Президент сморщил лоб, прикусив вместе с усами губу, и откинулся на спинку кресла, чтобы послушать отечественного телекомментатора; артистично играя паузами и ударениями, тот уверенно жестикулировал тонкой ладонью с зажатой в ней ручкой, возвышая голос и вещая дальше:
— Все вы, уважаемые зрители, вчера-сегодня сами стали невольными участниками той очередной мировой информационной войны, войны без правил и человеческой логики. Нараспев голосят купленные газетенки, радиостанции и телеканалы (как, скажем, тот же NBC) о спецоперации наших войск в Горно-Косовской области. И войной против своих граждан, и геноцидом, и кровавой резней, и бешенством деспотического режима они называют все происходящее... Послушаешь — и остается только повеситься! И такие все правильные, гуманные, все такие сахарные человеколюбцы… Но о правде там некому заботиться. Главное — не знамя справедливости установить, а белое посыпать грязью и черное назвать белым... — Несколько секунд мигала нарезка с заграничных информсообщений, после чего снова продолжился комментарий. — Вот они, настоящие бомбовые удары по нашей психике и нервам! И те, кто давал команду на ту «бомбардировку», не видят бревен в глазах своих начальников и работодателей, не замечают настоящих захватнических войн, которые разожгли и разжигают в мире за сферы влияния их правительства!

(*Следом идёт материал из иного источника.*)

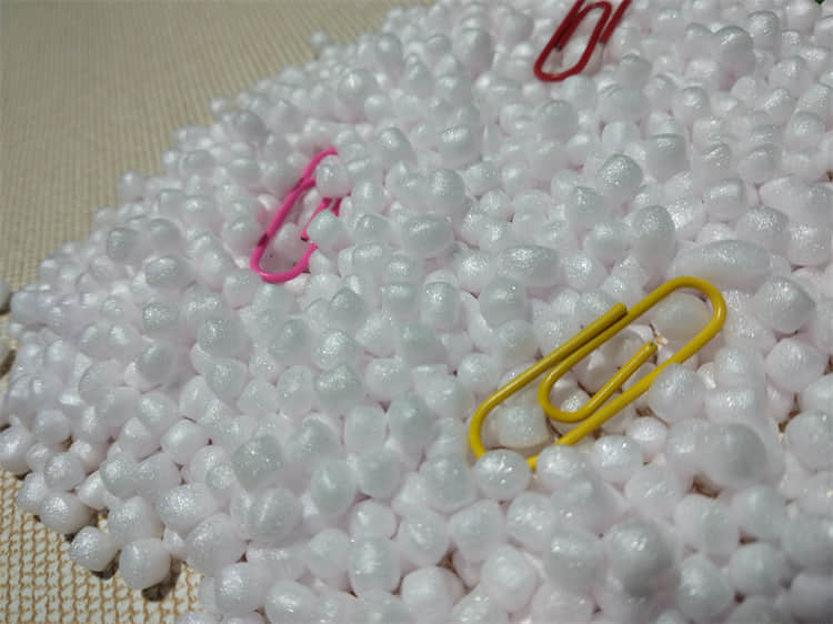 2、eps粒子:eps是聚苯乙烯泡沫,表面比較光滑有光澤,但是密度相較于epp粒子偏低,易于撕開,回彈性也相對差一些,使用壽命也低于epp粒子。

Недавно войска НАТО разбомбили бывшую Югославию. Уничтожили тысячи мирных жителей, тысячи домов... — Пошли кадры из хроники: разрушенные города и деревни, искалеченные дети, довольные толстолицые иностранные военнослужащие... — Так и не терпится спросить: что бы сделали руководители заграничных правдорубов на месте нашего правительства?.. Годами дотационная область монолитной страны, только и знающая, что сосать наши бюджетные средства, взяла и объявила себя самостоятельной! А ее князьки самоназвались царями! В каком заграничном свободном штате такое возможно?! Да им бы сразу головы скрутили! Спросим, что бы делали наши горе-учителя?.. Спросить можно, но вот услышат ли они правдивый голос? Разрешат ли им открыть глаза и уши правде, правде святой и страдальческой? Ответ, разумеется, отрицательный. Но главное, чтобы это услышали все мы — и объединились под общими знаменами! Думайте и анализируйте! Мира вам и спокойствия!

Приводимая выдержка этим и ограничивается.